- Problem details
Exact copy, no pictures: return only the lines below from the line with "Skats uz aizsalašu Bieķengrāvi un Vecrīgu." up to and including the line with "-وقرار وزارة الداخلية".

(Excerpts from a dataset)
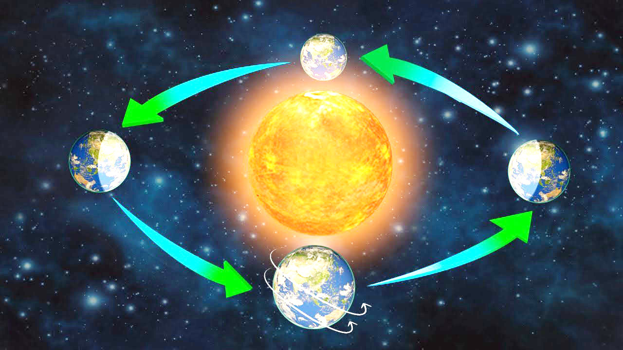 One revolution takes 365 days (365 rotations) to fully orbit around the sun. Revolution also causes the different seasons.Spring,Summer,Autumn and Winter are all caused by the revolving of the earth around the sun. The Northern and Southern hemispheres both have different seasons and is caused by earth’s axis.
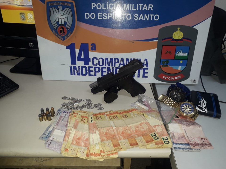 Um indivíduo foi abordado na Praça da Chácara Mar Azul e com ele foi encontrado um pino de cocaína. Com outro suspeito os militares localizaram uma pistola calibre 380, com um carregador com capacidade para 18 munições e nove munições intactas.
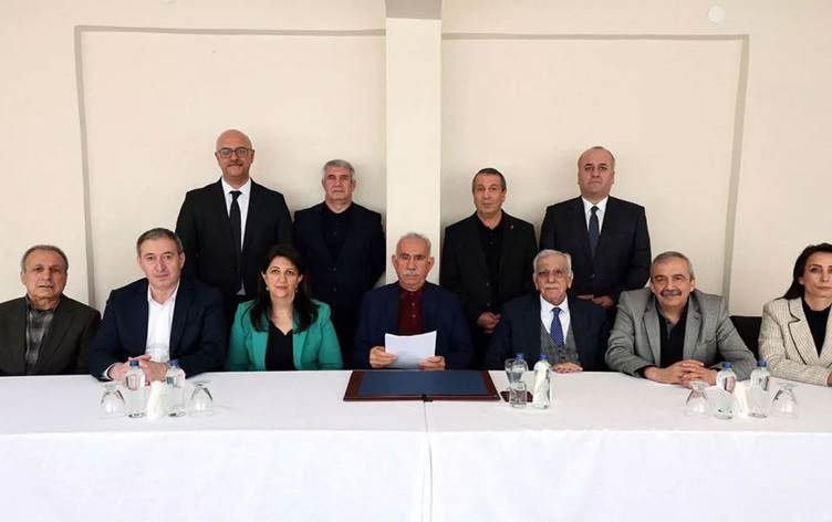 “DEM Parti İmralı Heyeti olarak 18 Mayıs 2025 tarihinde İmralı Adasında Sayın Abdullah Öcalan‘la bir görüşme gerçekleştirdik. Görüşmede, Sayın Öcalan kamuoyuna şu mesajı iletmiştir:
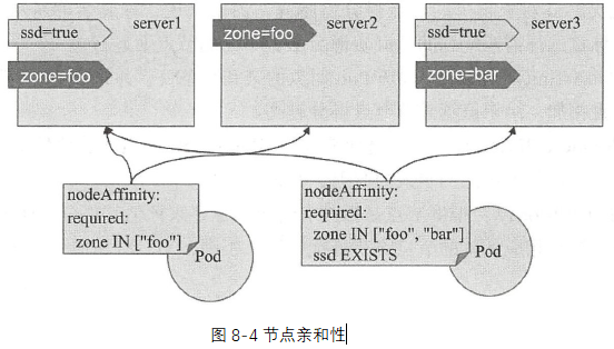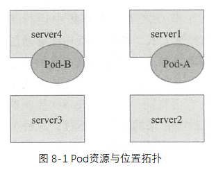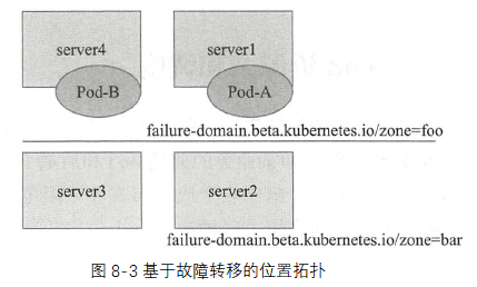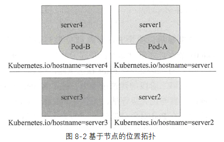 如果以基于各节点的 kubernetes.io/hostname标签作为评判标准,那么很显然,“同一位置”意味着同一个节点,不同节点即不同的位置,如图 8-2所示。
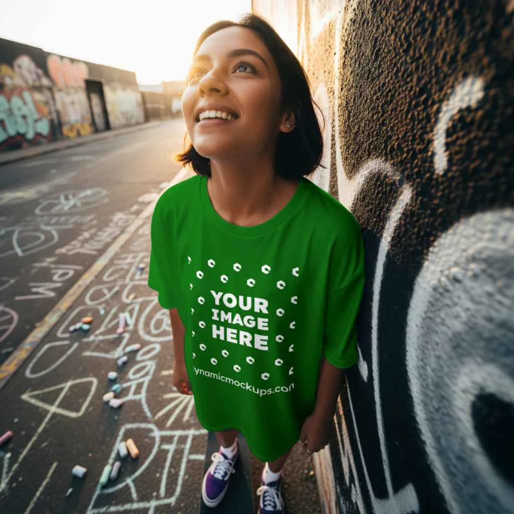 Need an Adult Hispanic Woman wearing a Green Oversized T-shirt Front View Mockup Template to make a realistic product design? Look no further! Our T-shirt mockup templates are perfect for bringing your creative ideas to life. These mockups add a stylish touch to any design. Download, edit online, or use Photoshop to personalize and present your T-shirt designs easily. Try Woman wearing a Green Oversized T-shirt Front View Mockup Template #15978 now!
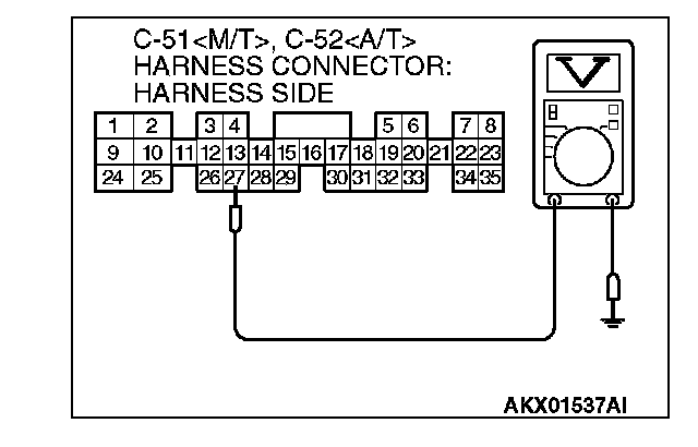 3. Measure the voltage between terminal No. 27 and ground by backprobing.
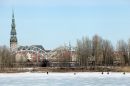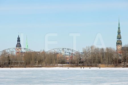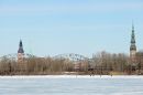 Skats uz aizsalašu Bieķengrāvi un Vecrīgu.
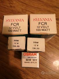 12 Lampadine alogene per proiettore varie potenze (vedi dettaglio foto). Sono tutte nuove, ermeticamente chiuse mai utilizzate. Vendo 5 euro cadauna. Se acquistate tutte insieme sconto. Zona di consegna Montesacro piazza Sempione oppure piazza Regina Margherita
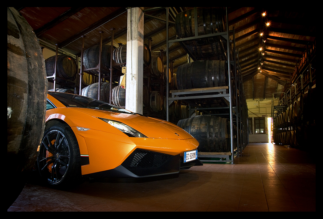 Lamborghini Gallardo Superleggera 570-4 op de zolder van Acetaia Manicardi, tussen honderd vaten met Aceto Balsamico azijn. De azijn is meer waard dan de Lambo... Castelvetro di Modena, Italië.
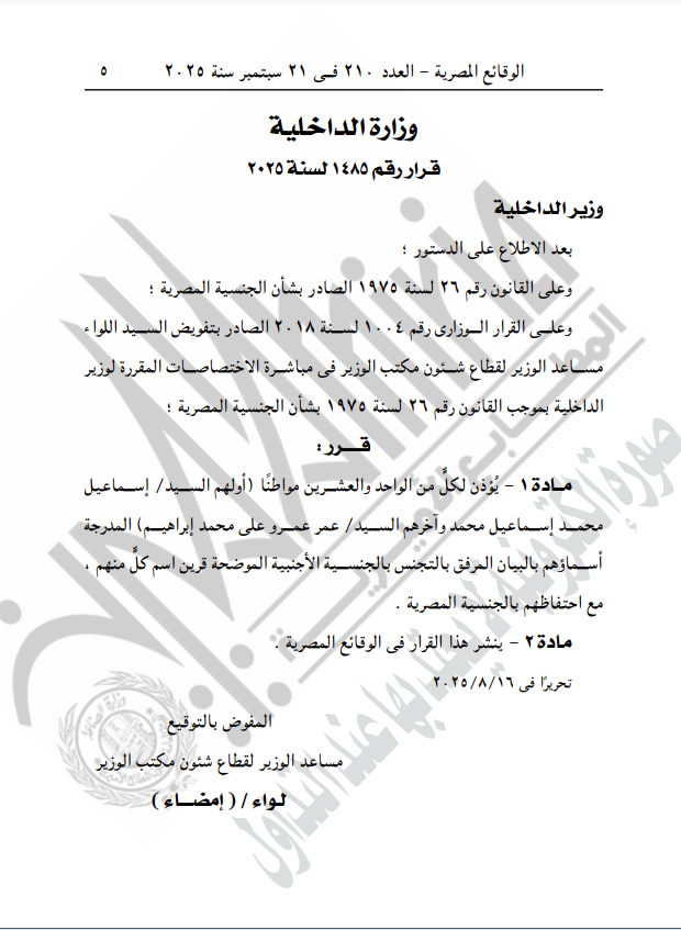 -وقرار وزارة الداخلية رقم 1485 لسنة 2025ن بشأن الأذن لكل من الـ21 مواطنًا (أولهم إسماعيل محمد إسماعيل، وآخرهم عمر عمرو على محمد إبراهيم) بـالتجنس بالجنسية الأجنبية، مع احتفاظهم بالجنسية المصرية.
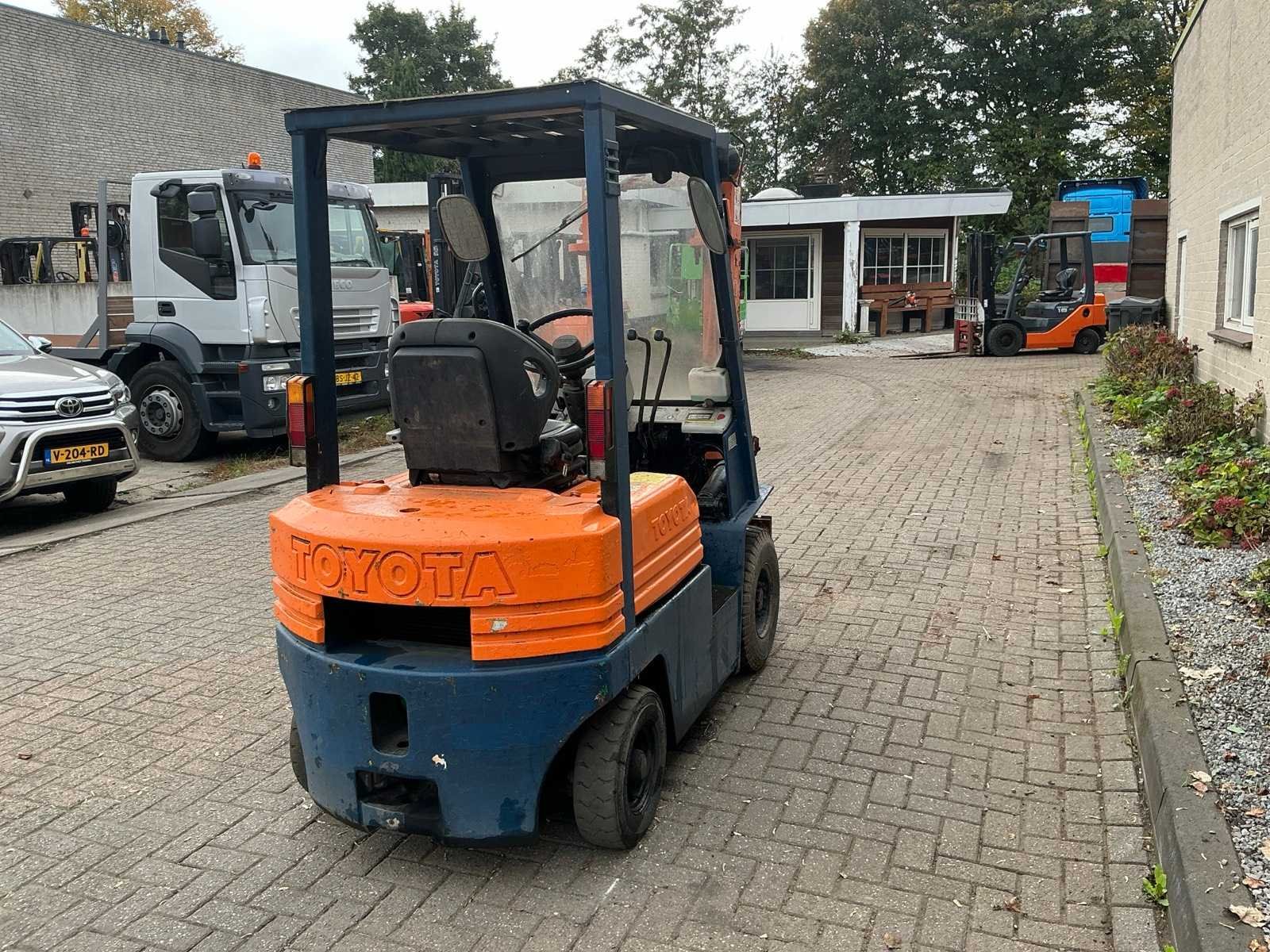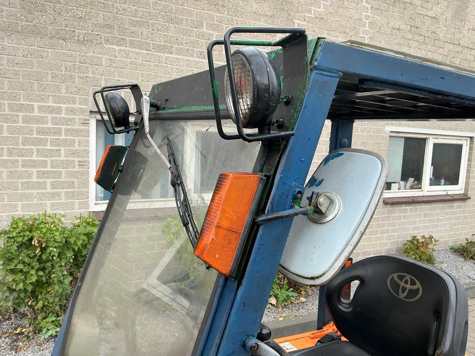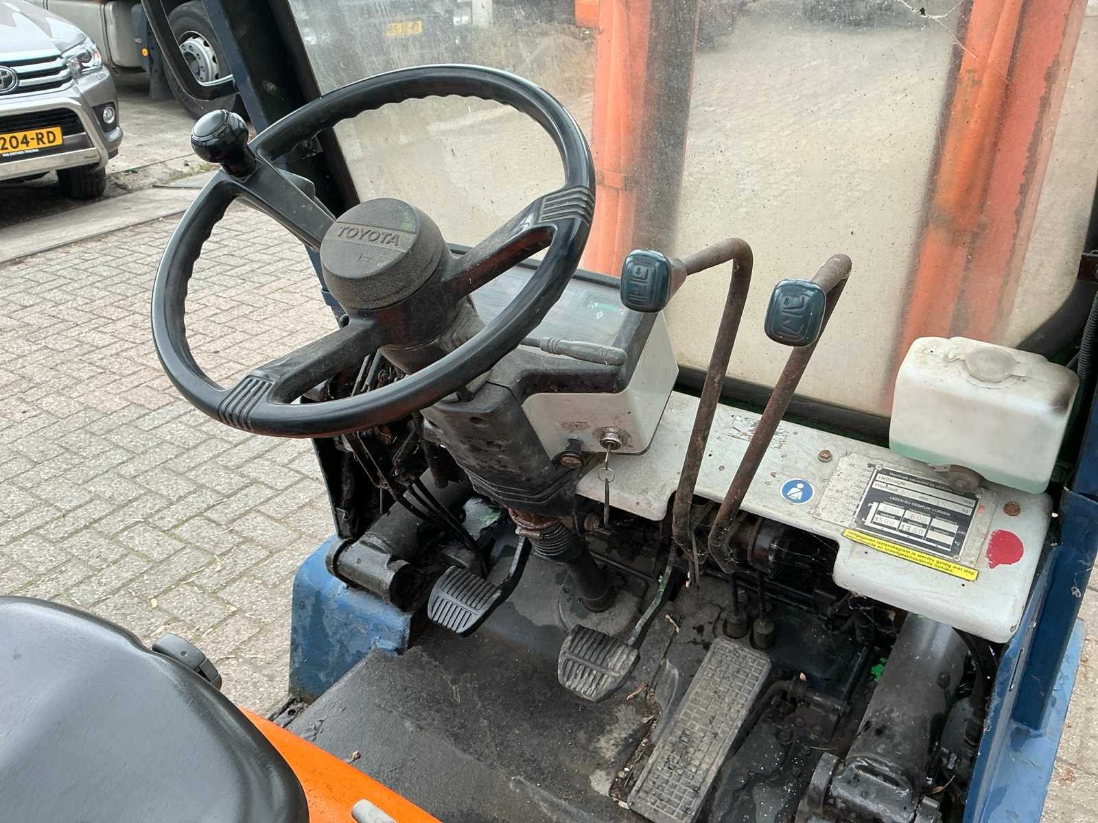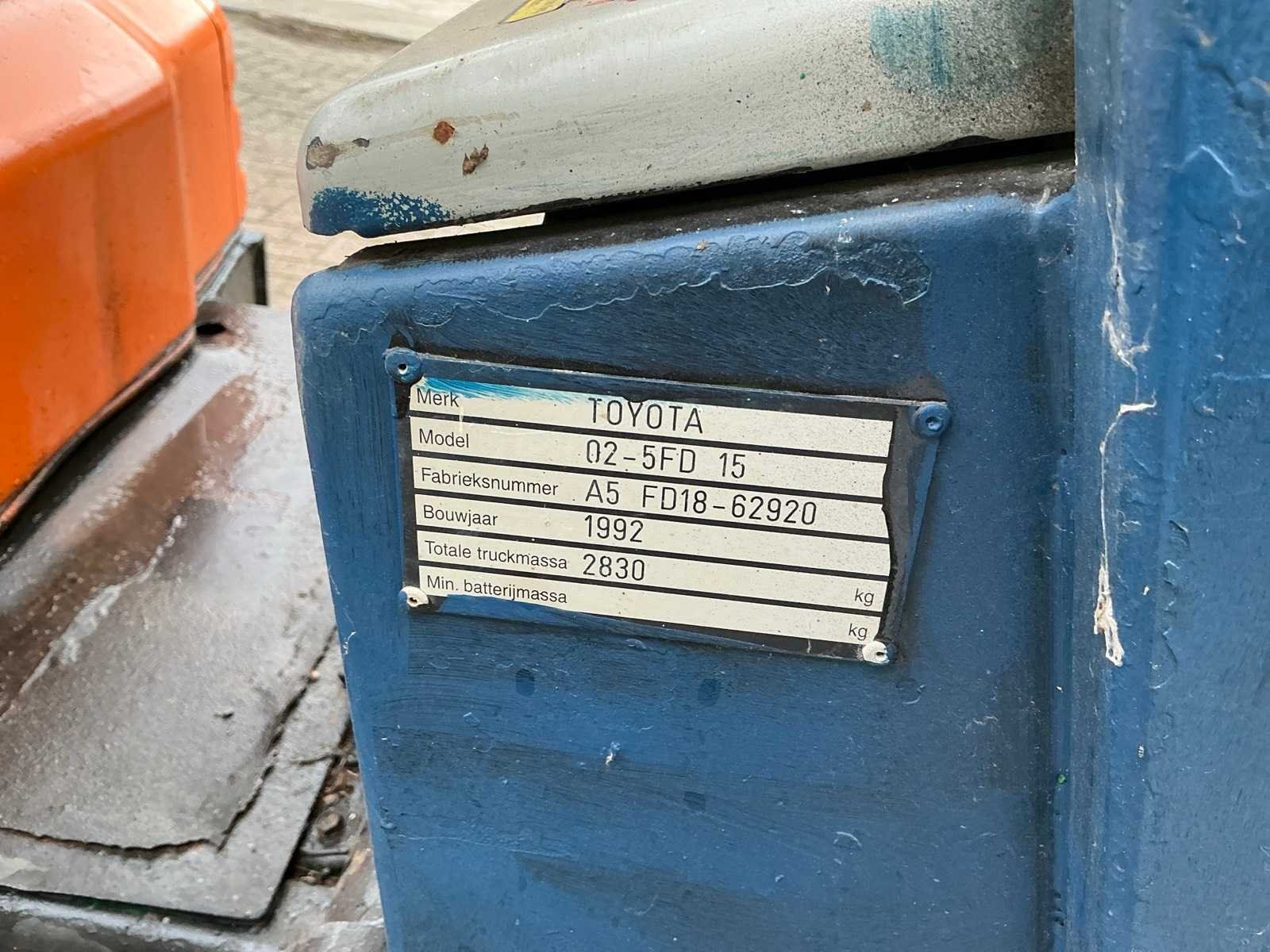 Voorzien van: werkverlichting, verlichting, spiegels, ruitenwisser, magneet in lepels, beschermende kooi, gordel Nee Merk: Toyota Type: 02-5FD 15 Bouwjaar: 1992 Serienummer: A5 FD18-62920 Brandstof: Diesel Mast: Duplex Soort band: Luchtbanden Aantal wielen: 4 Afgelezen urenstand: 9046 Duplex mast: true Eigen gewicht: 2830kg Hefvermogen: 1500kg Lepellengte: 890mm Max. hefhoogte: 3000mm Luchtbanden: true Totale afmeting L: 2900mm Totale afmeting Breedte: 1020mm Totale afmeting Hoogte: 2020mm Diesel: true
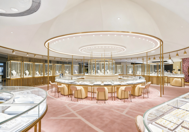 Combining circular luminous showcases, dome ceiling details and petal art walls to create an opulent, ceremonial space for wedding and couture jewelry:Build a regal romantic brand image with warm gold ribbed panels, blush pink accents and cream finishes.The layout features a central circular showcase + petal art feature walls + plush seating zones, balancing jewelry visibility and luxurious browsing experience....

- Answer to this problem
 Skats uz aizsalašu Bieķengrāvi un Vecrīgu.
 12 Lampadine alogene per proiettore varie potenze (vedi dettaglio foto). Sono tutte nuove, ermeticamente chiuse mai utilizzate. Vendo 5 euro cadauna. Se acquistate tutte insieme sconto. Zona di consegna Montesacro piazza Sempione oppure piazza Regina Margherita
 Lamborghini Gallardo Superleggera 570-4 op de zolder van Acetaia Manicardi, tussen honderd vaten met Aceto Balsamico azijn. De azijn is meer waard dan de Lambo... Castelvetro di Modena, Italië.
 -وقرار وزارة الداخلية رقم 1485 لسنة 2025ن بشأن الأذن لكل من الـ21 مواطنًا (أولهم إسماعيل محمد إسماعيل، وآخرهم عمر عمرو على محمد إبراهيم) بـالتجنس بالجنسية الأجنبية، مع احتفاظهم بالجنسية المصرية.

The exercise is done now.